Start of Task inputs

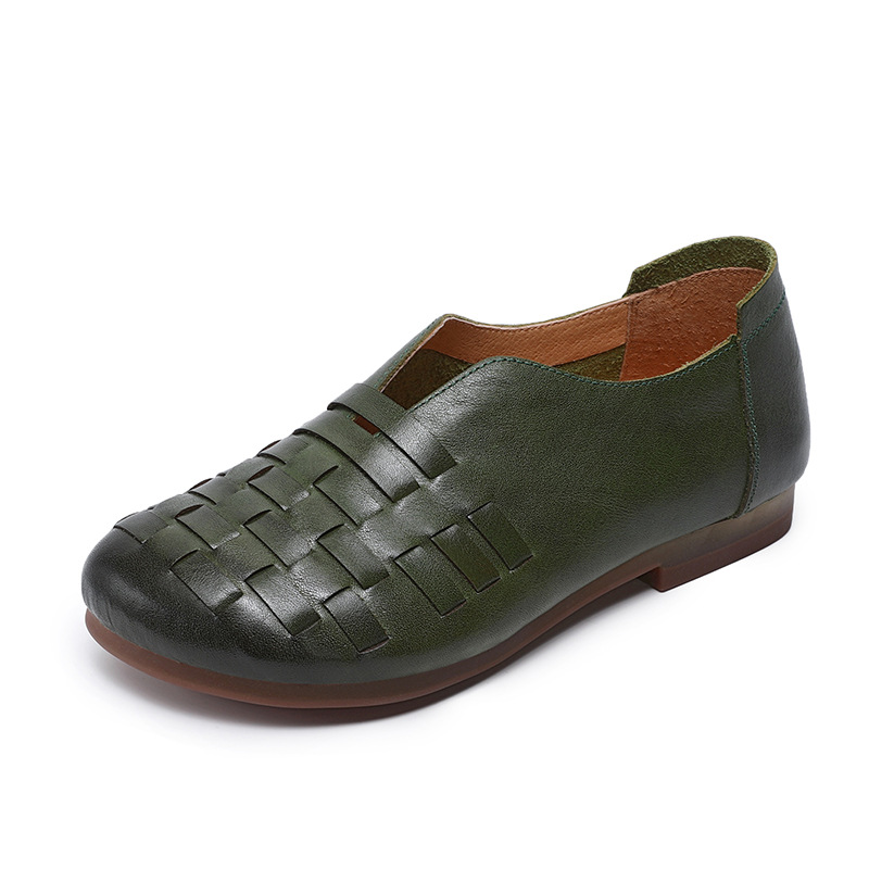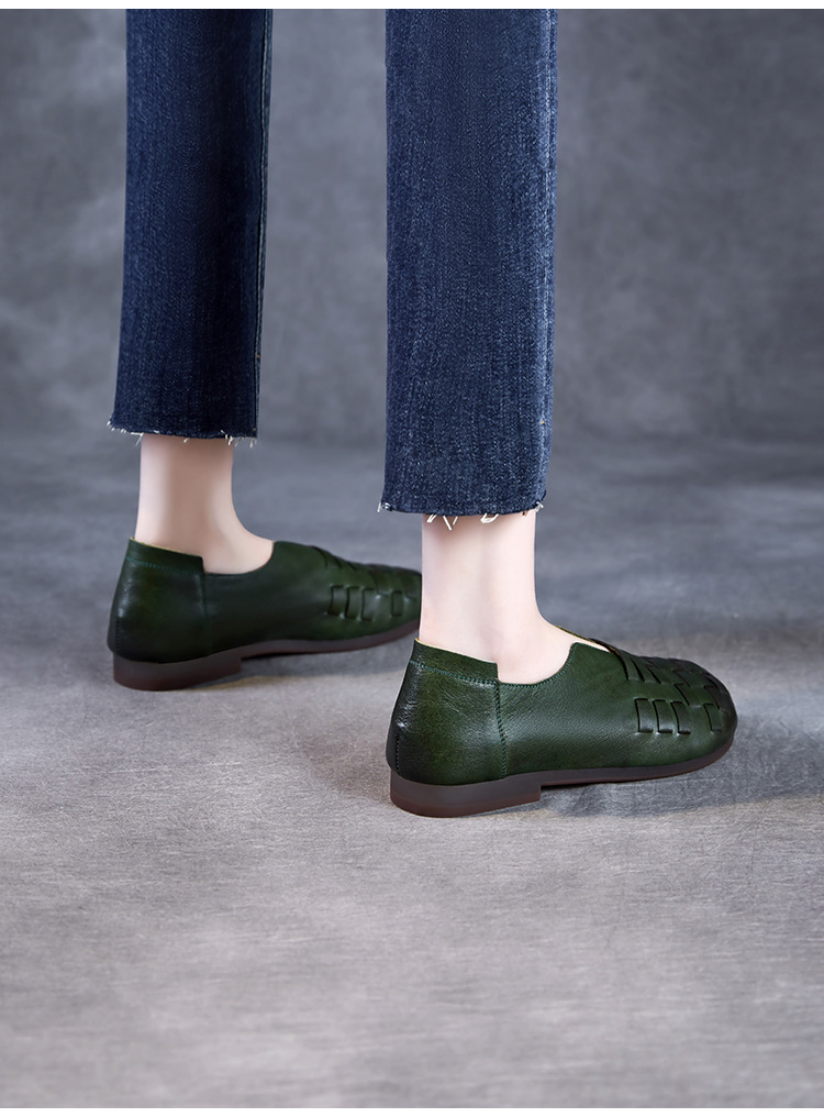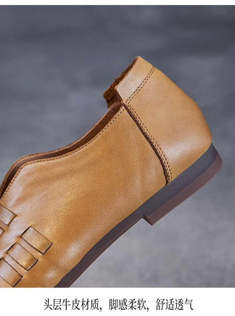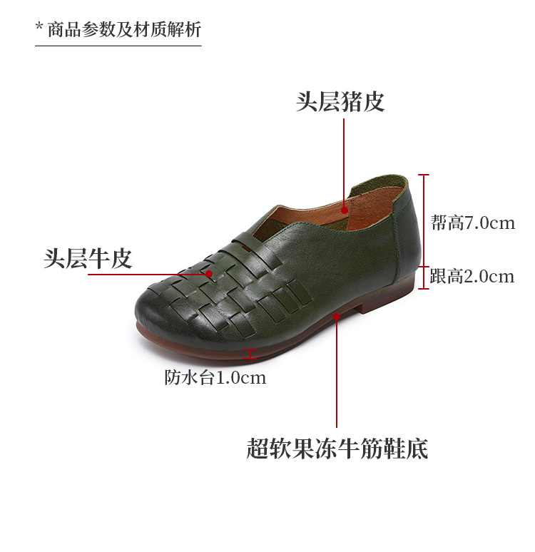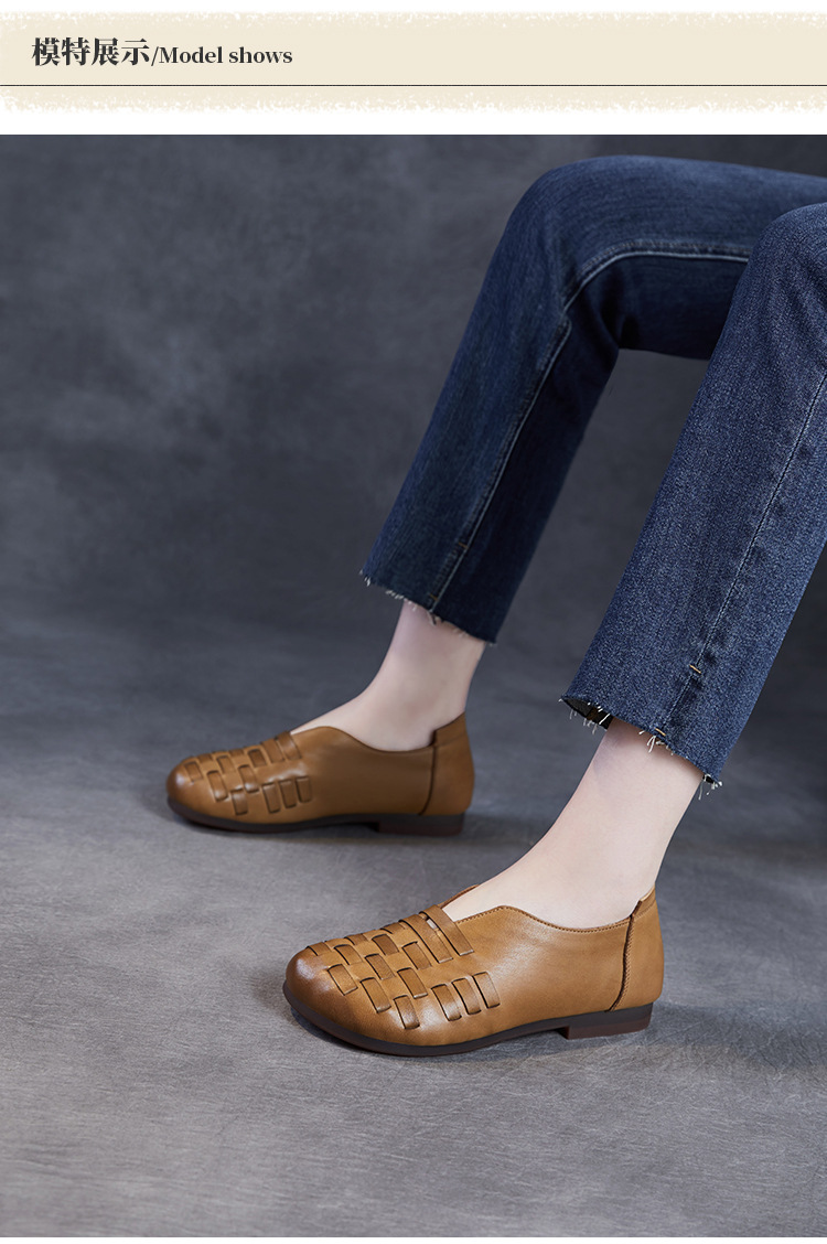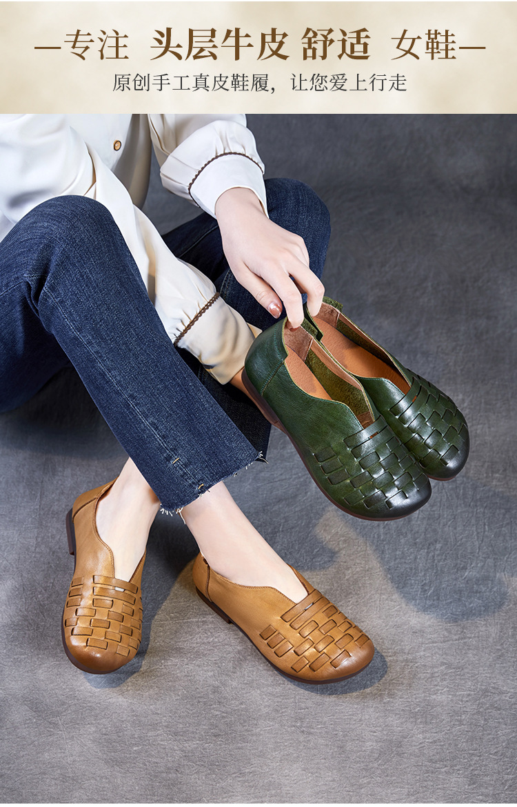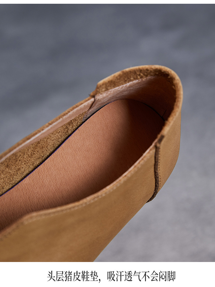 25 봄과 여름 가죽 부드러운 바닥 얕은 입 싱글 레이어 신발 여성 통기성 틈새 디자인 센스 짠 예술적 레트로 슬립 온 신발스토어 가기
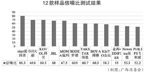 信噪比作為音質(zhì)純凈度的關(guān)鍵指標(biāo),aigo愛國者以80.3dB(分貝)的成績表現(xiàn)優(yōu)秀,噪點(diǎn)和失真少;DJI大疆、RODE羅德等7款樣品信噪比≥60dB,音質(zhì)表現(xiàn)穩(wěn)定;KInYO金運(yùn)、花再·EDIFIER等4款樣品信噪比低于60dB,音質(zhì)純凈度有待提升。
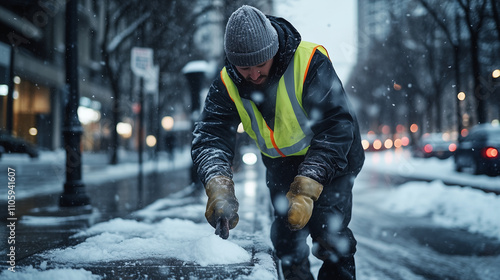 A diligent city worker dressed in a thick winter coat and reflective vest, wearing insulated gloves, carefully spreads salt onto a frosty, ice-covered sidewalk under the pale light
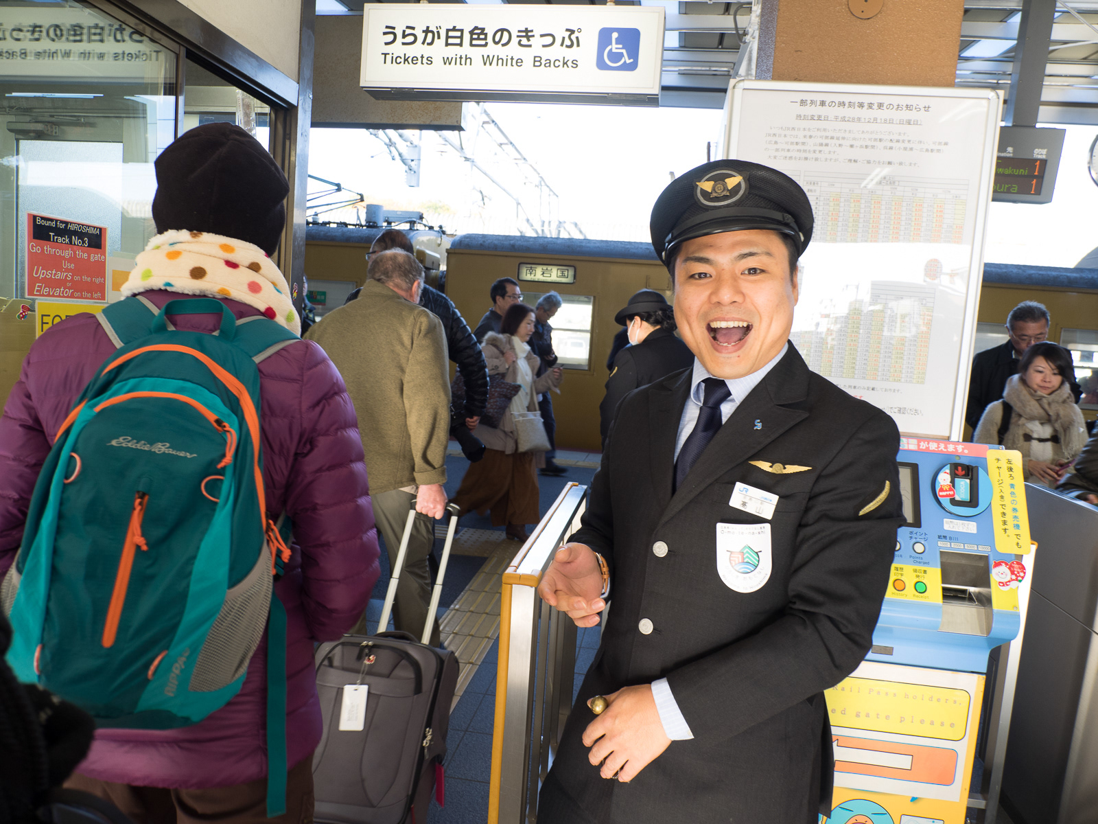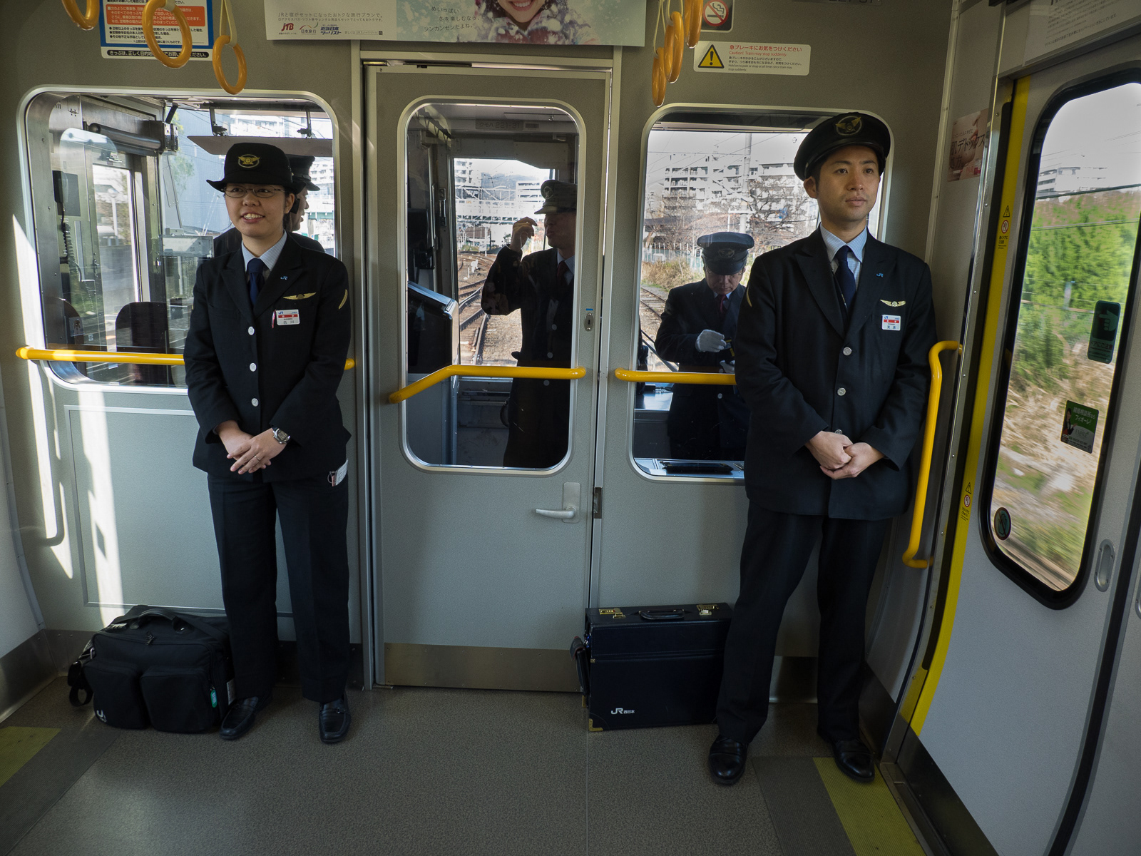 Female conductor announcing next station, Hirazumi, Iwate Prefecture (Japan 2017-1230) ©Neil A Meyerhoff 2017
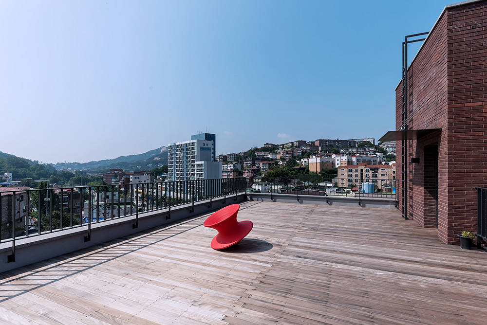 외장재는 붉은 벽돌을 적용해 건축물이 주변 환경에 자연스럽게 스며들게 하고, 내부는 노출콘크리트 마감, 구로강판과 함께 원목으로 마감해 천연 소재의 자연스러움을 공간에 입히고자 했다.
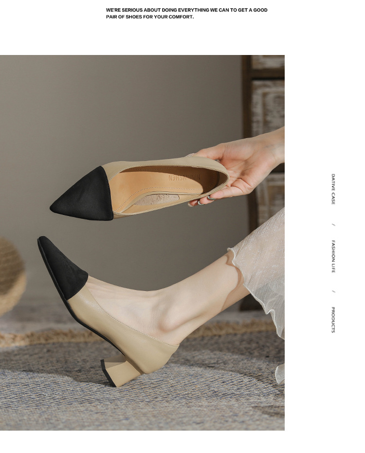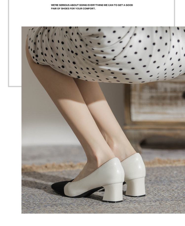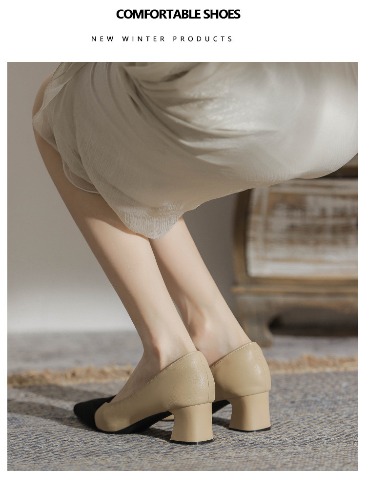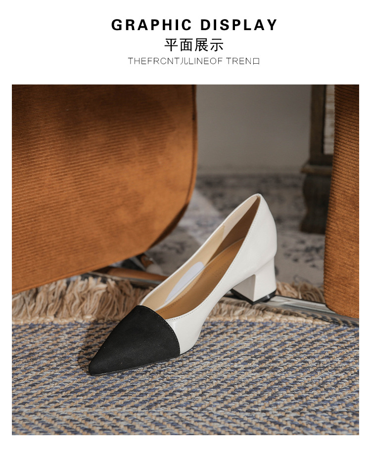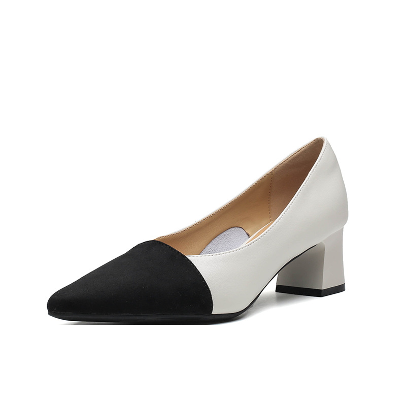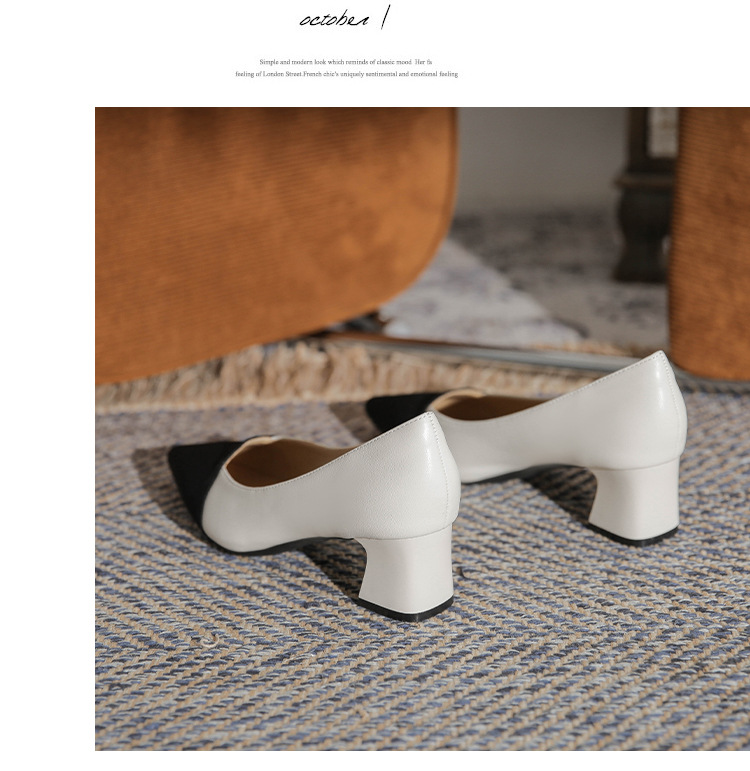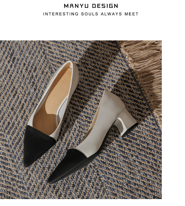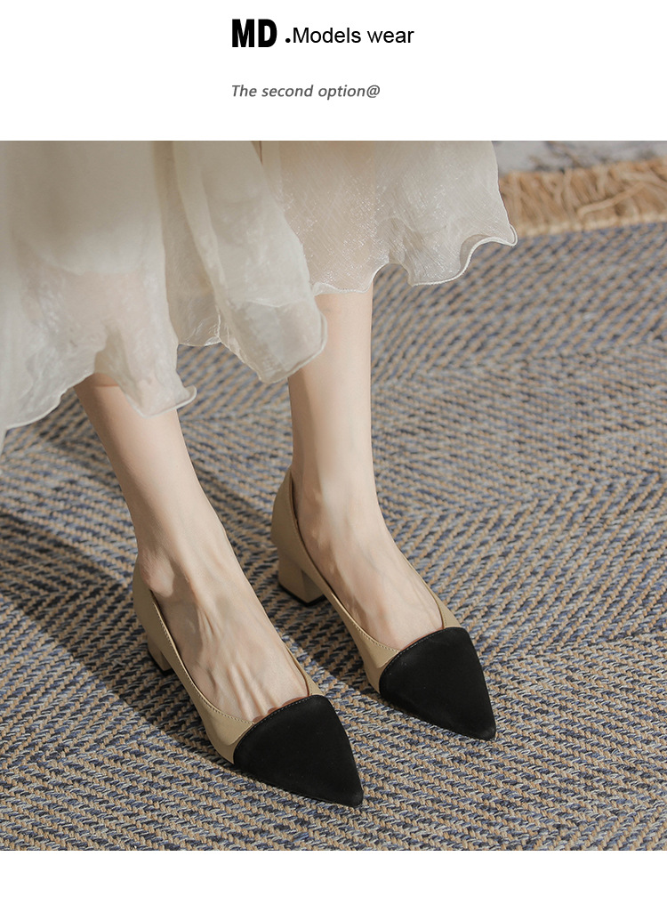 TT969-CG 양가죽 샤넬 스타일 싱글 레이어 신발 여성용 두꺼운 힐 프렌치 컬러 블록 새로운 얕은 입 포인팅 미드 힐 하이힐 신발스토어 가기

End of Task inputs

* [Directions]: Recopy the whole listing above precisely, excluding images.

* [Your solution]:
 25 봄과 여름 가죽 부드러운 바닥 얕은 입 싱글 레이어 신발 여성 통기성 틈새 디자인 센스 짠 예술적 레트로 슬립 온 신발스토어 가기
 信噪比作為音質(zhì)純凈度的關(guān)鍵指標(biāo),aigo愛國者以80.3dB(分貝)的成績表現(xiàn)優(yōu)秀,噪點(diǎn)和失真少;DJI大疆、RODE羅德等7款樣品信噪比≥60dB,音質(zhì)表現(xiàn)穩(wěn)定;KInYO金運(yùn)、花再·EDIFIER等4款樣品信噪比低于60dB,音質(zhì)純凈度有待提升。
 A diligent city worker dressed in a thick winter coat and reflective vest, wearing insulated gloves, carefully spreads salt onto a frosty, ice-covered sidewalk under the pale light
 Female conductor announcing next station, Hirazumi, Iwate Prefecture (Japan 2017-1230) ©Neil A Meyerhoff 2017
 외장재는 붉은 벽돌을 적용해 건축물이 주변 환경에 자연스럽게 스며들게 하고, 내부는 노출콘크리트 마감, 구로강판과 함께 원목으로 마감해 천연 소재의 자연스러움을 공간에 입히고자 했다.
 TT969-CG 양가죽 샤넬 스타일 싱글 레이어 신발 여성용 두꺼운 힐 프렌치 컬러 블록 새로운 얕은 입 포인팅 미드 힐 하이힐 신발스토어 가기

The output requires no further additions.